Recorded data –

Start of Block

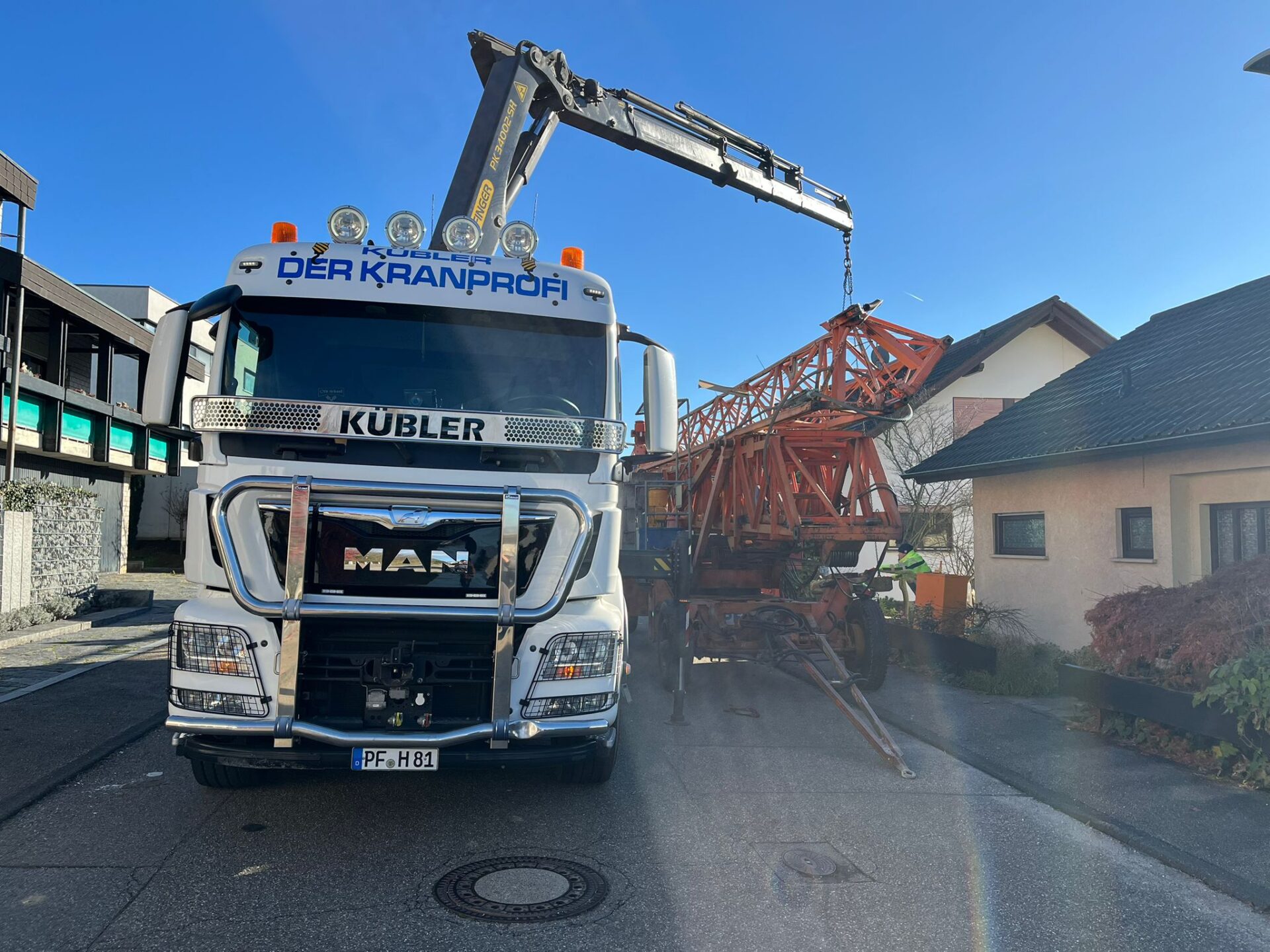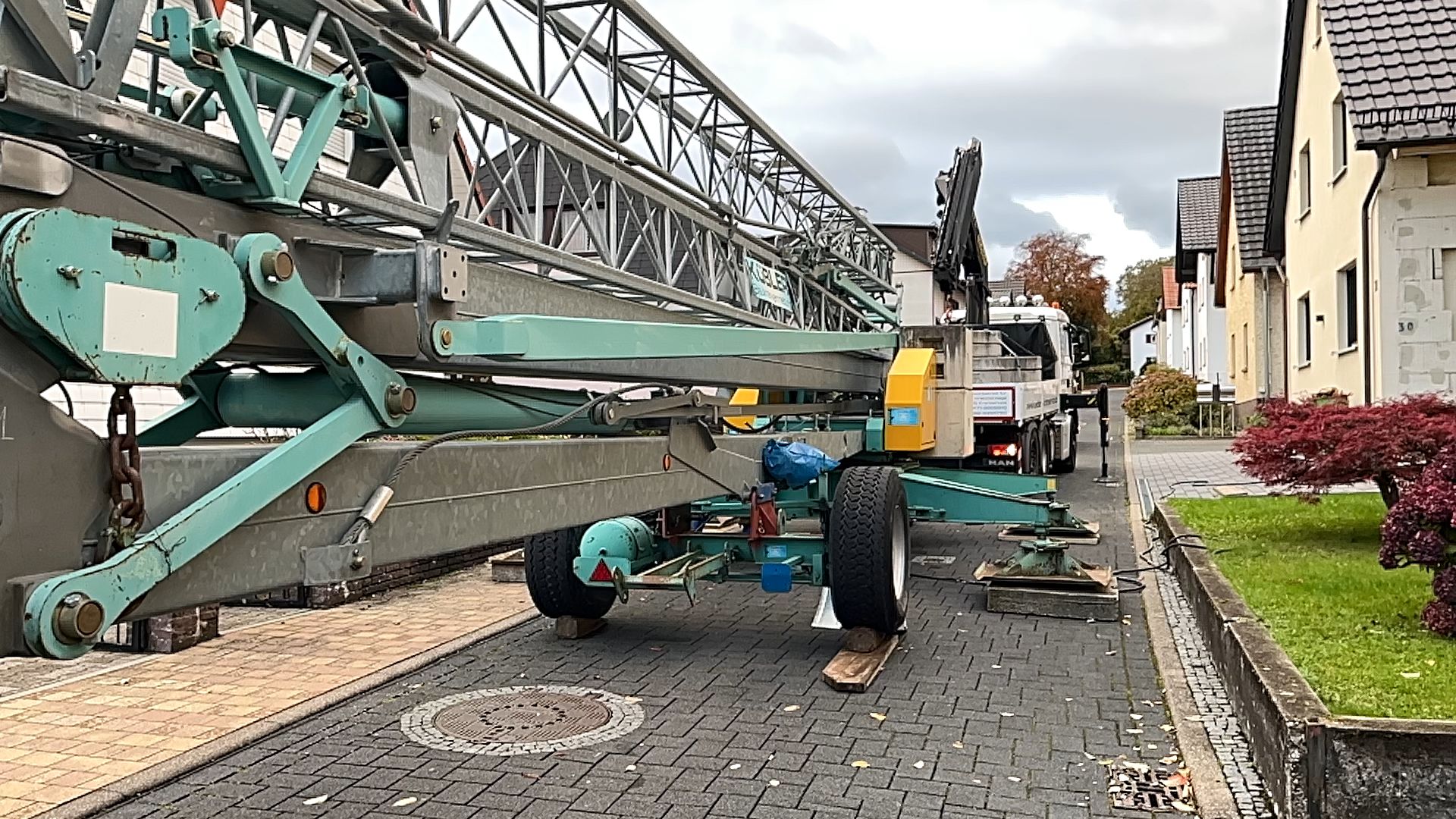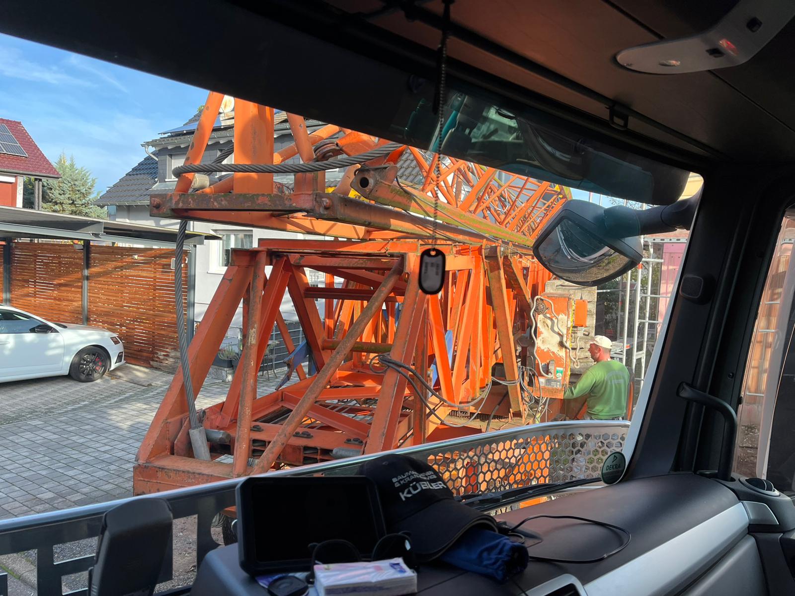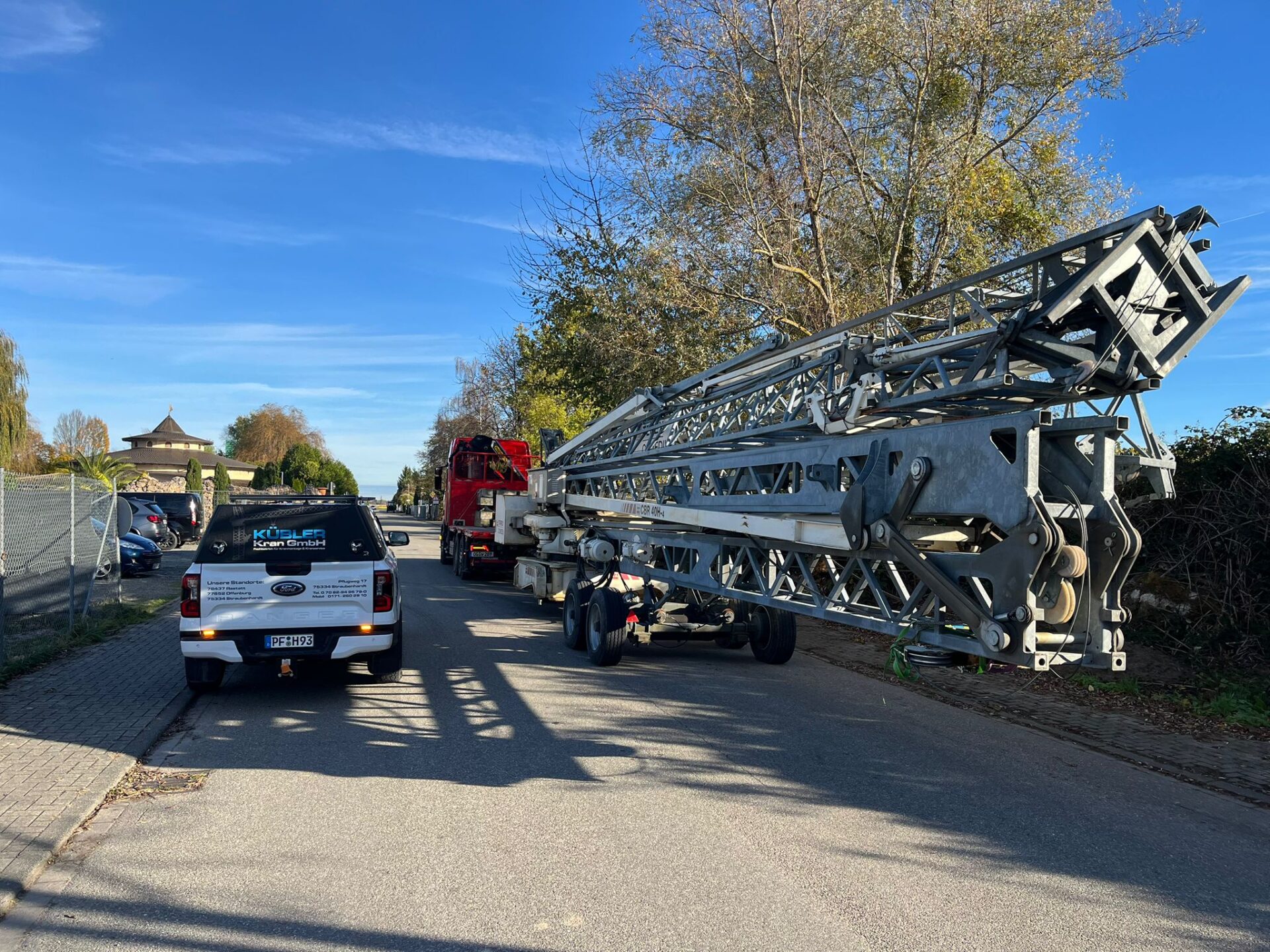 Nun kam auch Kran Nr. 2 zur Demontage und Abtransport. Er wird zwischengelagert und bekommt neue Hubseilumlenkrollen. Danach gehts wieder auf die nächste Baustelle in Offenburg 💪
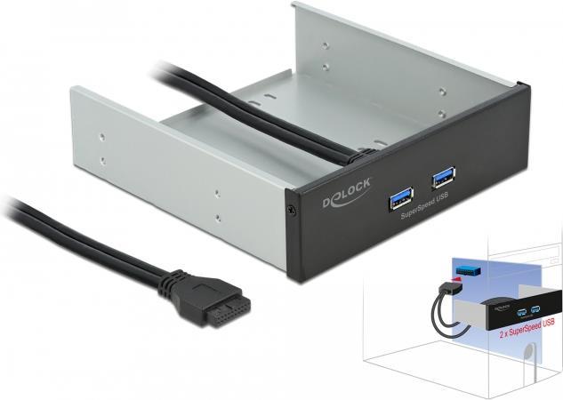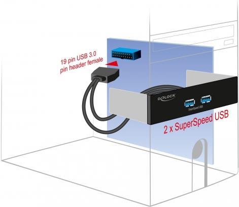 DeLOCK - Anschlüsse am vorderen Bedienfeld des Speicherschachts - USB 3,2 Gen 1 x 2 - Schwarz (61005)
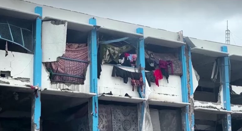 ผู้พลัดถิ่นหลายครอบครัวพากันเข้าไปอาศัยในโรงเรียนประถมศึกษาแห่งหนึ่งในค่ายผู้ลี้ภัยจาบาเลีย ทางตอนเหนือของกาซา หลังจากกองทัพอิสราเอลถอนกำลังออกจากพื้นที่ โรงเรียนแห่งนี้ถูกอิสราเอลถล่มเสียหายหนักในช่วงหลายสัปดาห์ที่ผ่านมา ผู้พลัดถิ่นเผยว่า โรงเรียนที่ไม่เสียหายล้วนมีคนอาศัยจนเต็ม ขณะที่เต็นท์ก็มีไม่เพียงพอ พวกเขาจึงเหลือทางเลือกเดียวคือ พักอาศัยตามอาคารที่เสียหาย แม้รู้ดีว่าไม่ปลอดภัยก็ตาม.-814.-สำนักข่าวไทย
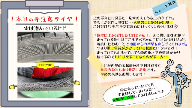 今回の症状はタイヤ側面 サイドのひび割れ!!
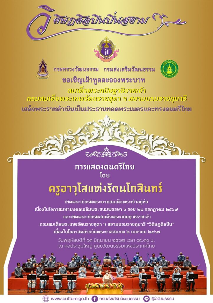 สวธ. ขอเชิญเฝ้าทูลละอองพระบาท สมเด็จพระกนิษฐาธิราชเจ้า กรมสมเด็จพระเทพรัตนราชสุดา ฯ สยามบรมราชกุมารี เสด็จพระราชดำเนินเป็นประธานทอดพระเนตรและทรงดนตรีไทย
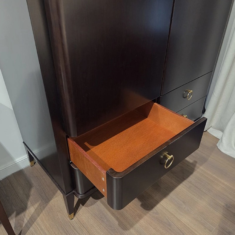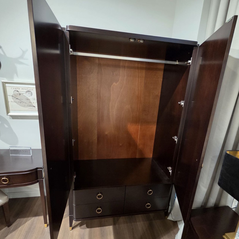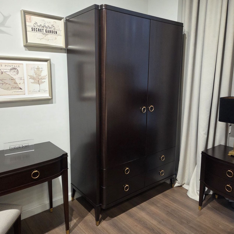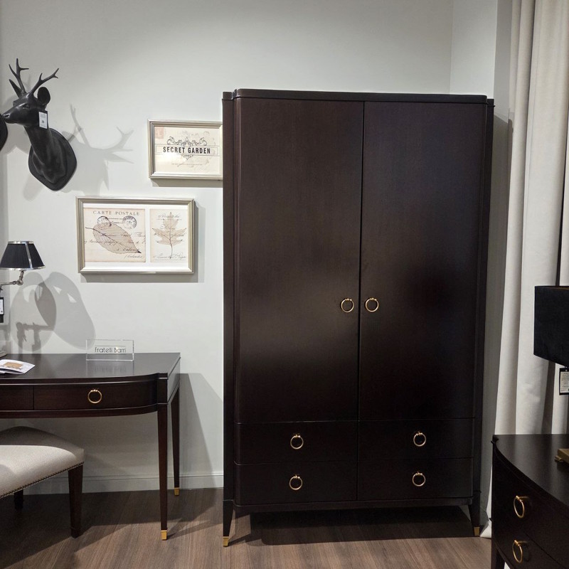 Изящный гардероб Modena от итальянского бренда Fratelli Barri. Гардероб в неоклассическом стиле, с 2-мя распашными дверками и 4-мя выдвижными ящиками. Закругленные фасады. Отделка - шпон вишни. На ножках металлические колпачки. Выполнен из массива дерева и высококачественного МДФ класса Е1. Цвет фурнитуры - латунь. Ящики оснащены доводчиками для плавного закрывания. За дверками единое отделение со штангой.
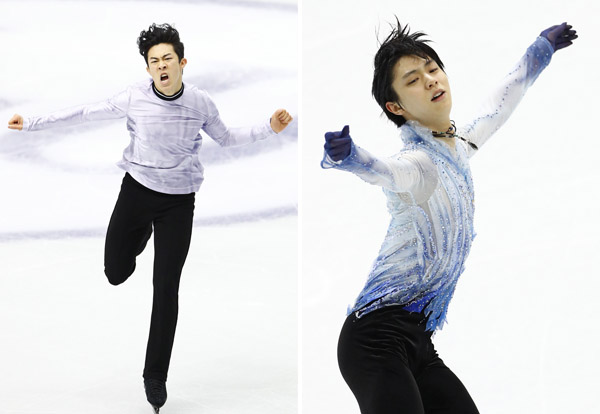 ネイサン・チェンと羽生結弦(C)共同通信社

End of Block

Retype all of the data above word for word, excluding the pictures.

 Nun kam auch Kran Nr. 2 zur Demontage und Abtransport. Er wird zwischengelagert und bekommt neue Hubseilumlenkrollen. Danach gehts wieder auf die nächste Baustelle in Offenburg 💪
 DeLOCK - Anschlüsse am vorderen Bedienfeld des Speicherschachts - USB 3,2 Gen 1 x 2 - Schwarz (61005)
 ผู้พลัดถิ่นหลายครอบครัวพากันเข้าไปอาศัยในโรงเรียนประถมศึกษาแห่งหนึ่งในค่ายผู้ลี้ภัยจาบาเลีย ทางตอนเหนือของกาซา หลังจากกองทัพอิสราเอลถอนกำลังออกจากพื้นที่ โรงเรียนแห่งนี้ถูกอิสราเอลถล่มเสียหายหนักในช่วงหลายสัปดาห์ที่ผ่านมา ผู้พลัดถิ่นเผยว่า โรงเรียนที่ไม่เสียหายล้วนมีคนอาศัยจนเต็ม ขณะที่เต็นท์ก็มีไม่เพียงพอ พวกเขาจึงเหลือทางเลือกเดียวคือ พักอาศัยตามอาคารที่เสียหาย แม้รู้ดีว่าไม่ปลอดภัยก็ตาม.-814.-สำนักข่าวไทย
 今回の症状はタイヤ側面 サイドのひび割れ!!
 สวธ. ขอเชิญเฝ้าทูลละอองพระบาท สมเด็จพระกนิษฐาธิราชเจ้า กรมสมเด็จพระเทพรัตนราชสุดา ฯ สยามบรมราชกุมารี เสด็จพระราชดำเนินเป็นประธานทอดพระเนตรและทรงดนตรีไทย
 Изящный гардероб Modena от итальянского бренда Fratelli Barri. Гардероб в неоклассическом стиле, с 2-мя распашными дверками и 4-мя выдвижными ящиками. Закругленные фасады. Отделка - шпон вишни. На ножках металлические колпачки. Выполнен из массива дерева и высококачественного МДФ класса Е1. Цвет фурнитуры - латунь. Ящики оснащены доводчиками для плавного закрывания. За дверками единое отделение со штангой.
 ネイサン・チェンと羽生結弦(C)共同通信社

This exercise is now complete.